I think we have all had that moment when we ran into someone from high school, who was either a crush or a bully, and felt that what we have become wasn't good enough. And if you tell me that this has never happened to you, you are either a hermit who doesn't leave your basement, don't live where you went to school and never go back, or you were a popular kid or a bully. I have had that moment, even with people I would have called a friend in high school. I have skipped weddings I was invited to because I was not secure in what I had done with my life. Sad I know, but the truth.
We all have those moments where we want to be the best self we can be, and in a split second we feel it is not enough. I went through 14 months out of work in my field, and had to move home during that time. While I was home, I duck out of places if I saw someone I knew. Even now when I am less than six months outside of having my Master's, I have moments that I feel I haven't done enough with my life, because I am not married and have no kids. My peers from high school are married, and some have kids. I believe it is a constant thing that is just part of life.
This movie was basically just one of the run ins that spirals out of control. And parts of it were hilarious because I was putting myself in Matt's shoes and seeing how it would play out. I really thought that Wendy would get into Cambridge. Barry was funny, but I felt like he was the ultimate cliche of someone who is a loser after high school, I mean come on, he was a car salesman.
Overall it wasn't horrible, but I doubt that I will view it again. Unlike the other movie I just watched which was The Town, which hands down is one of my favorite movies. This was not on Netflix, but damn I had to mention it. I have seen that movie probably a dozen times and will continue to watch it at that pace. I absolutely love it, in fact I wanted to become a bank robber after I saw it in the theatre. (disclaimer, not really)

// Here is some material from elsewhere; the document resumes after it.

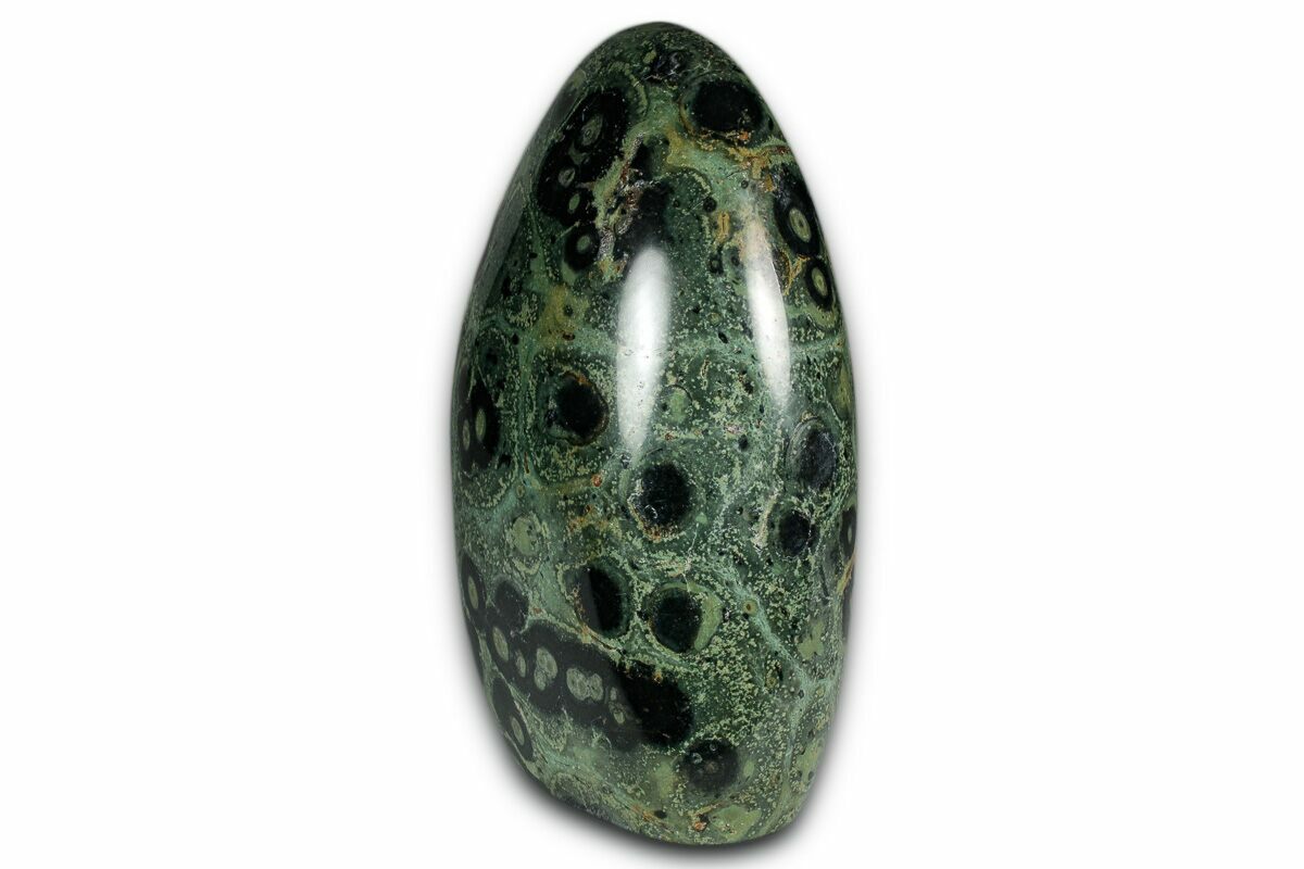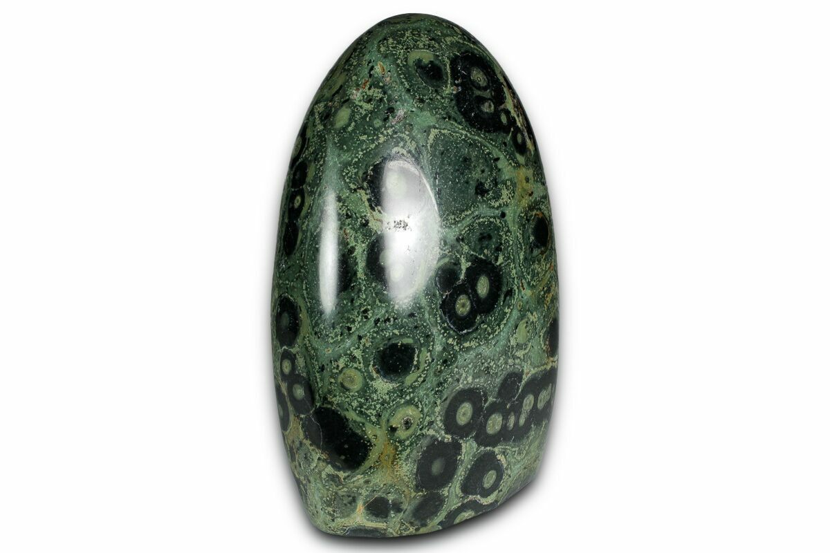 This is a 4.3" tall, polished piece of Kambaba Jasper from Madagascar, shaped so the base sits flat for effortless display on any surface. The stone features the distinctive deep green and black orbicular patterns. A striking addition to any mineral collection or décor setting, it stands beautifully on its own as a natural work of art.
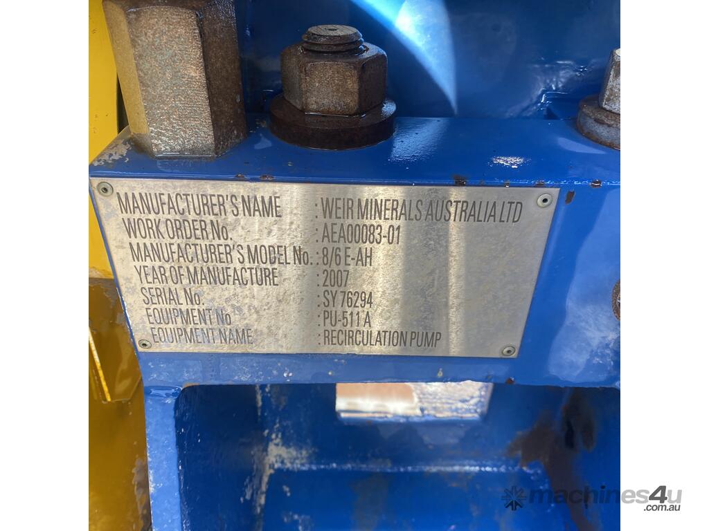 Weir Warman 8/6 E AH Slurry Pump Recirculation 110kW Motor F6058HE1A49 6VC 200x150mm

That movie is so bad ass. Ben Affleck is bad ass in it. I am not one to like action movies much, but damn this turned me on to them. I just watched the extended cut now, and there are some uber gory scenes, holy hell. And some shit made more sense after seeing the extended cut. Especially my favorite scene where Doug says to Jem, "I need you help. I can't tell you what it is, you can never ask me about it later, and we're gonna hurt some people." And Jem's response, "Who's car we gonna take?" I LOVE THAT SCENE! And then the after added in a lot of ah ha moments.
Now I am using my HuluPlus subscription instead of Netflix, I am soooo far behind in some of my shows. Maybe if I catch up I can keep up with one of my other blogs attached to this account. I attempt so much, and I am determined to actually make them succeed these days. Well until I Netflix again, I bid you adieu.